The pull back motor is the whole point here, and when it works it gets a genuine laugh out of whoever is holding it. I would not walk in expecting a detailed Technic style vehicle or a pile of clever building techniques, because at 181 pieces this is built for speed of assembly, not complexity. Get it for a young Ninjago fan who wants something to build and immediately play with, and skip it if you are shopping for a display piece or a challenging build for an older kid.
Best for: younger Ninjago fans who want a fast build they can race the same day
What it is
This is one of a wave of small Ninjago pull back racers LEGO put out built around a simple idea, one ninja, one car, one motor you wind up by rolling it backward and letting go. Lloyd gets the honors here, and the car itself is a low, sleek little racer dressed in his green and gold colors. There is something genuinely charming about a set this size that still delivers a real payoff, you finish building, you pull it back, and it actually zips.
The catch
I will be straight about where this set sits. It is not trying to be a showpiece, and it will not hold an experienced builder's attention for long at under 200 pieces. The pull back mechanism is a specific mechanical part, and like any spring driven gearbox, it is going to be the piece that takes the most wear if a kid runs the car back and forth a hundred times a day. That is normal for this category of set, not a defect, but it is worth knowing going in.
Who it's for
Get this one for the Ninjago kid who wants to build something quickly and then play with it immediately, especially if they gravitate toward Lloyd. It also works well as a stocking stuffer or a small reward build alongside a bigger Ninjago set. Skip it if you are buying for a collector who wants shelf detail, or for an older builder who wants a real building challenge, because this set answers a different question than that one.
The parts story
What the build is actually like, and the pieces worth knowing about.
The build itself moves fast. You are stacking the pull back chassis together first, since that is the mechanical heart of the whole model, then wrapping the body panels around it to shape the car's low nose and rear spoiler. There is not much branching complexity here, it is a fairly linear build, which is exactly right for the audience this set is aimed at.
The real standout piece is the pull back motor unit itself, the geared brick that stores energy when you roll the car backward and releases it as forward motion. It is the reason this set exists, and it is a satisfying piece of engineering to feel working in your hands even though you never see the gears turn.

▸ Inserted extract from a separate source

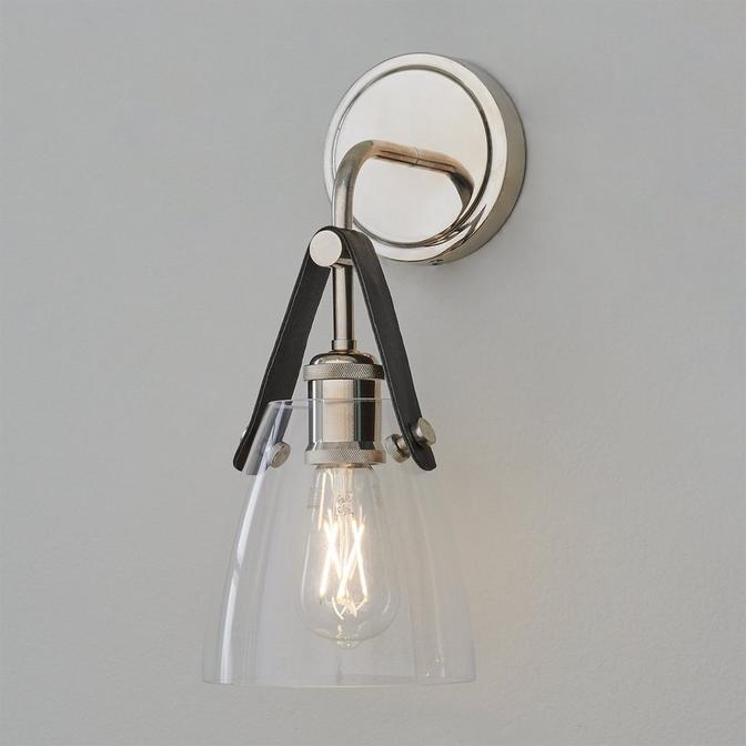 This collection adds a dash of rugged charm with a genuine leather strap accenting the clear glass shades.
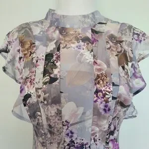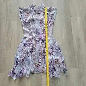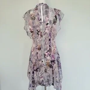 Excellent pre-owned condition. Elegant women's dress featuring a beautiful floral pattern in gray, purple, and white by ALL SAINTS Fleur Lucia dress. Perfect for any occasion. Perfect for wedding, cocktail party, holiday, fall, winter, spring, summer, events, date night, birthday, celebrate, anniversary, Valentine's Day, graduation, and formal events.

Lloyd's minifig brings his familiar green ninja gi, and the small parts count means almost nothing here feels like filler, most of what you build directly shapes the car you end up racing.
Fun facts
- 0171828 is part of a 2025 Ninjago lineup of small pull back racer sets, each one built around a single ninja and painted in that character's signature color.
- 02The pull back motor mechanism stores energy from rolling the model backward and releases it as forward drive when let go, the same basic principle LEGO has used in pull back sets across several themes.
- 03At 181 pieces, this is one of the more compact sets in the modern Ninjago lineup, positioned as a quick build rather than a display model.
- 04Lloyd, the Green Ninja, is one of the original six Ninjago characters and has anchored the theme since its 2011 debut, making him a natural pick for this small format spotlight.